* LISTED RECORDS *

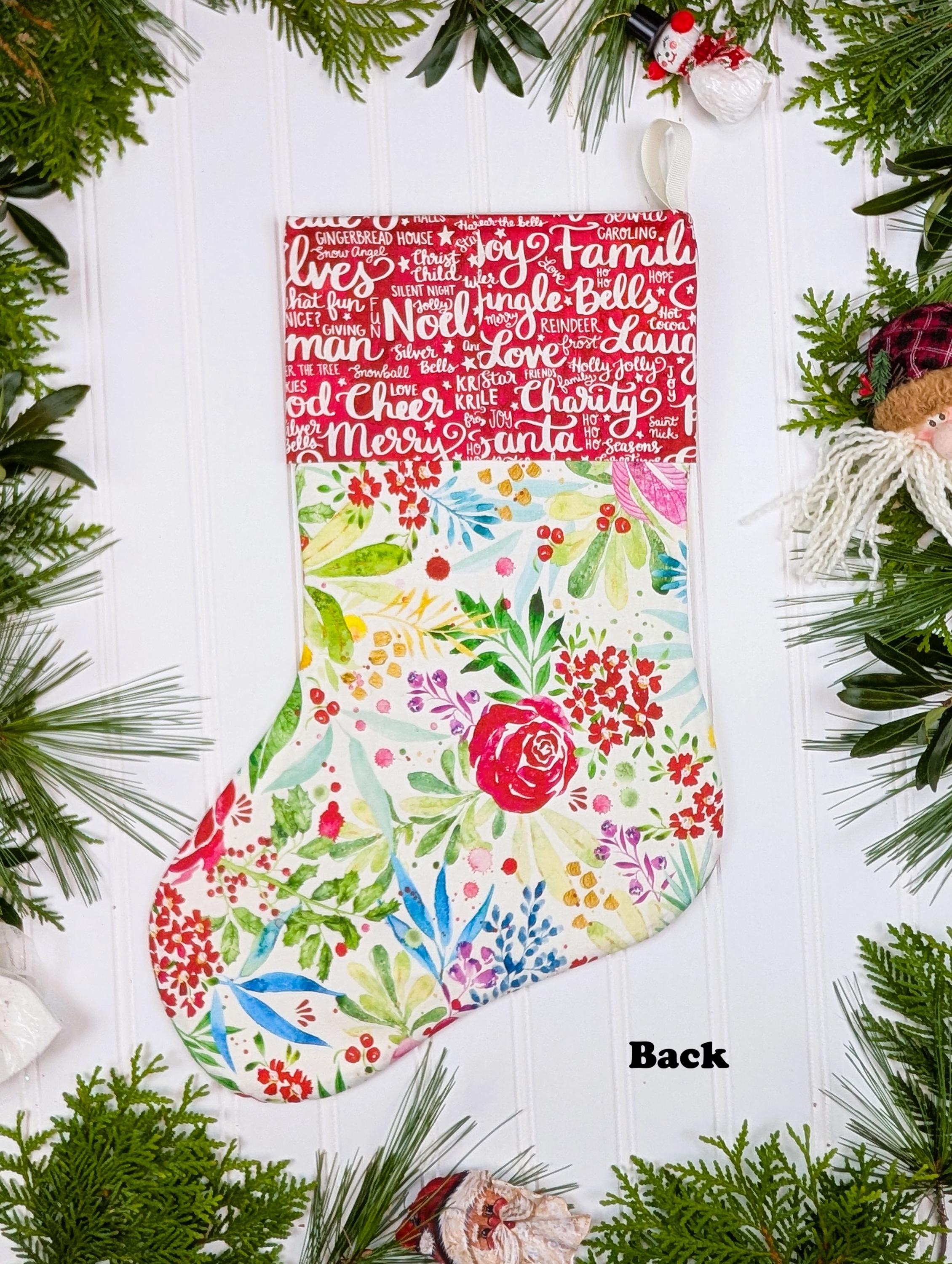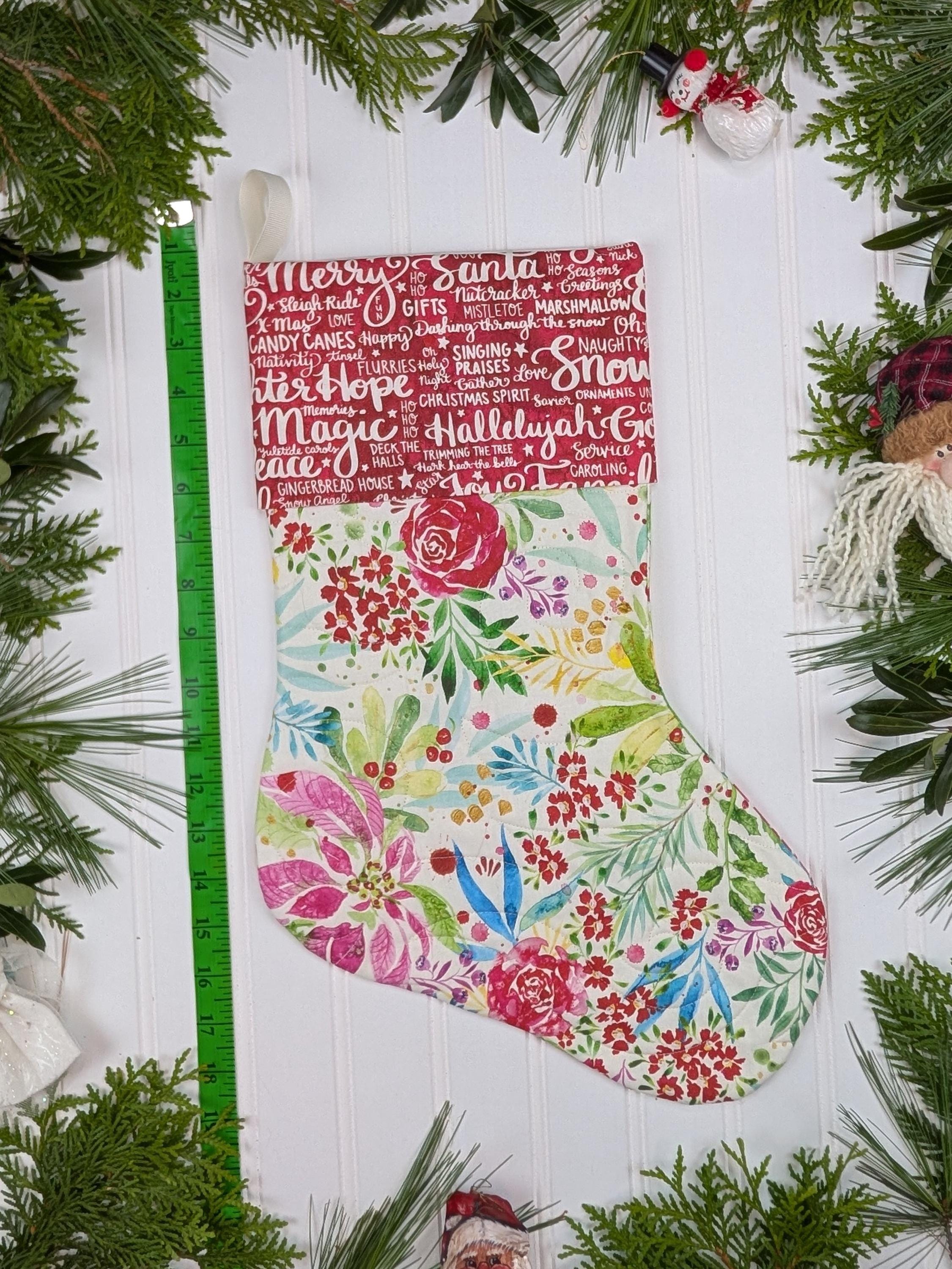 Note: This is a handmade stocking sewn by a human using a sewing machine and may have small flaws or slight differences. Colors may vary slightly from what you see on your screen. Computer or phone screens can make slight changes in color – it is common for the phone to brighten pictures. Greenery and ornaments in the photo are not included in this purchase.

...

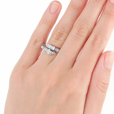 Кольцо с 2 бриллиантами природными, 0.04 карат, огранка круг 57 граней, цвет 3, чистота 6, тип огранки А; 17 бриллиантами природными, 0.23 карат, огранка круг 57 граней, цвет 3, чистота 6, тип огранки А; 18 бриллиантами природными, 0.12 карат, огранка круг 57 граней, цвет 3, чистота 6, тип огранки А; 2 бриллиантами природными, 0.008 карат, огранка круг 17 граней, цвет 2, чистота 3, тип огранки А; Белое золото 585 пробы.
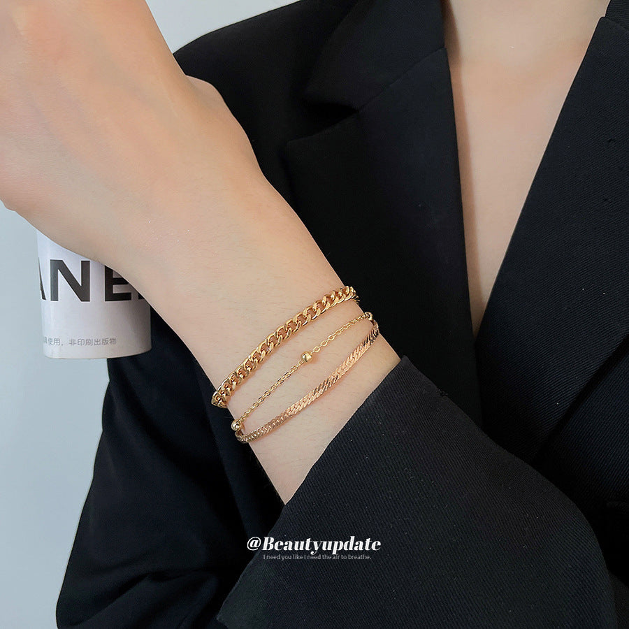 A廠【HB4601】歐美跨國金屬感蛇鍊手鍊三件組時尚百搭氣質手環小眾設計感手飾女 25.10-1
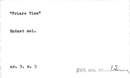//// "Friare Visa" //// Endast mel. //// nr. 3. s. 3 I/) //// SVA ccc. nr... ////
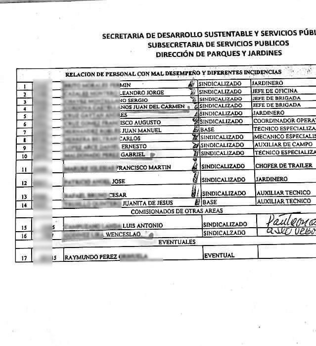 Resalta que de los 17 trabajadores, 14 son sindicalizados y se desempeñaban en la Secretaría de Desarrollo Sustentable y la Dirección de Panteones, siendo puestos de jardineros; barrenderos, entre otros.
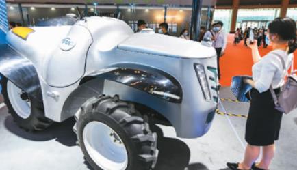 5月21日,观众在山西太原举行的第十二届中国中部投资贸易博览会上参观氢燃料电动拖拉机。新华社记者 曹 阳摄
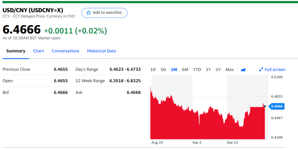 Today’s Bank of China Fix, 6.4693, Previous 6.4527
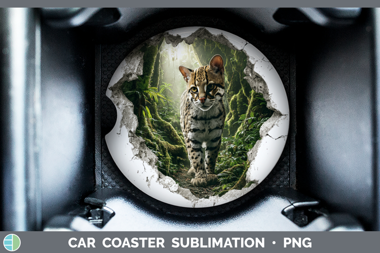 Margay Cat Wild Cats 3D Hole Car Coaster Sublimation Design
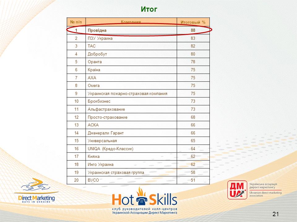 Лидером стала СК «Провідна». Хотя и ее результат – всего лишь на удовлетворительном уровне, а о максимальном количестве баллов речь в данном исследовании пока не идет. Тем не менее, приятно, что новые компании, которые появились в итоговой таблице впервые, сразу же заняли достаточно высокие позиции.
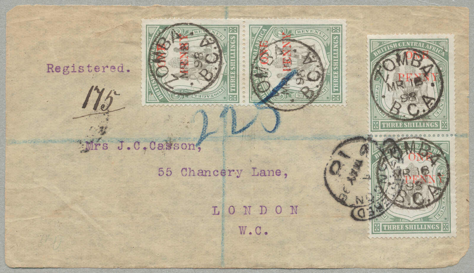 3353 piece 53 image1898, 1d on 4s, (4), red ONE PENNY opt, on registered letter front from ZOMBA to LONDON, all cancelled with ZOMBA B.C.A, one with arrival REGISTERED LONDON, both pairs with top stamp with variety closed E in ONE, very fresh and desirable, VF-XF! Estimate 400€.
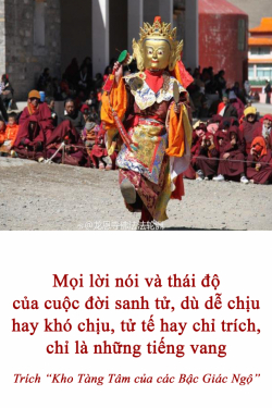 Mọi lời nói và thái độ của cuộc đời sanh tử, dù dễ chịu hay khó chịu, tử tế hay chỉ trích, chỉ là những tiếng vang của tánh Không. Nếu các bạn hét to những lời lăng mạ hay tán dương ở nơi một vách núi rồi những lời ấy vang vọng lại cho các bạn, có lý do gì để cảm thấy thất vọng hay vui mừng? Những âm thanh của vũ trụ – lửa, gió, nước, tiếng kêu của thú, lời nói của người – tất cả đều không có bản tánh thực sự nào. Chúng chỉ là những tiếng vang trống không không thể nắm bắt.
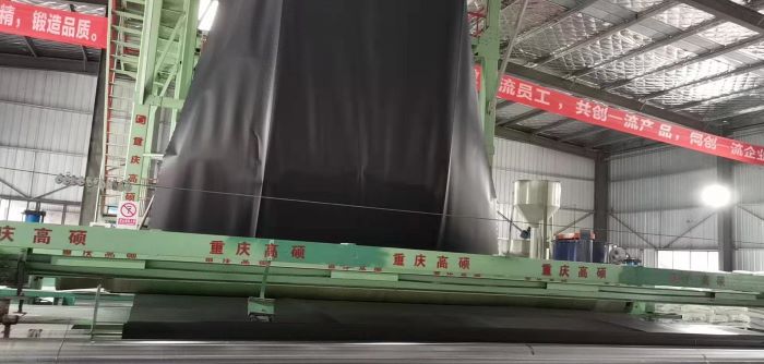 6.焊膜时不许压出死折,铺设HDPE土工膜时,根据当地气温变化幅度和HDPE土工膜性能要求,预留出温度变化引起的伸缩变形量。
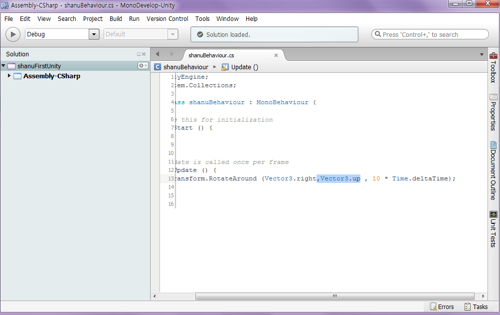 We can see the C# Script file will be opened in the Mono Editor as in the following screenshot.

* WORK INSTRUCTION *
Using the records above, repeat exactly the run of lines that starts with the line with "ccc. nr... ////" and goes on through the line with "6.焊膜时不许压出死折,铺设"; omit each picture.

* ANSWER TO THE EXERCISE *
//// "Friare Visa" //// Endast mel. //// nr. 3. s. 3 I/) //// SVA ccc. nr... ////
 Resalta que de los 17 trabajadores, 14 son sindicalizados y se desempeñaban en la Secretaría de Desarrollo Sustentable y la Dirección de Panteones, siendo puestos de jardineros; barrenderos, entre otros.
 5月21日,观众在山西太原举行的第十二届中国中部投资贸易博览会上参观氢燃料电动拖拉机。新华社记者 曹 阳摄
 Today’s Bank of China Fix, 6.4693, Previous 6.4527
 Margay Cat Wild Cats 3D Hole Car Coaster Sublimation Design
 Лидером стала СК «Провідна». Хотя и ее результат – всего лишь на удовлетворительном уровне, а о максимальном количестве баллов речь в данном исследовании пока не идет. Тем не менее, приятно, что новые компании, которые появились в итоговой таблице впервые, сразу же заняли достаточно высокие позиции.
 3353 piece 53 image1898, 1d on 4s, (4), red ONE PENNY opt, on registered letter front from ZOMBA to LONDON, all cancelled with ZOMBA B.C.A, one with arrival REGISTERED LONDON, both pairs with top stamp with variety closed E in ONE, very fresh and desirable, VF-XF! Estimate 400€.
 Mọi lời nói và thái độ của cuộc đời sanh tử, dù dễ chịu hay khó chịu, tử tế hay chỉ trích, chỉ là những tiếng vang của tánh Không. Nếu các bạn hét to những lời lăng mạ hay tán dương ở nơi một vách núi rồi những lời ấy vang vọng lại cho các bạn, có lý do gì để cảm thấy thất vọng hay vui mừng? Những âm thanh của vũ trụ – lửa, gió, nước, tiếng kêu của thú, lời nói của người – tất cả đều không có bản tánh thực sự nào. Chúng chỉ là những tiếng vang trống không không thể nắm bắt.
 6.焊膜时不许压出死折,铺设HDPE土工膜时,根据当地气温变化幅度和HDPE土工膜性能要求,预留出温度变化引起的伸缩变形量。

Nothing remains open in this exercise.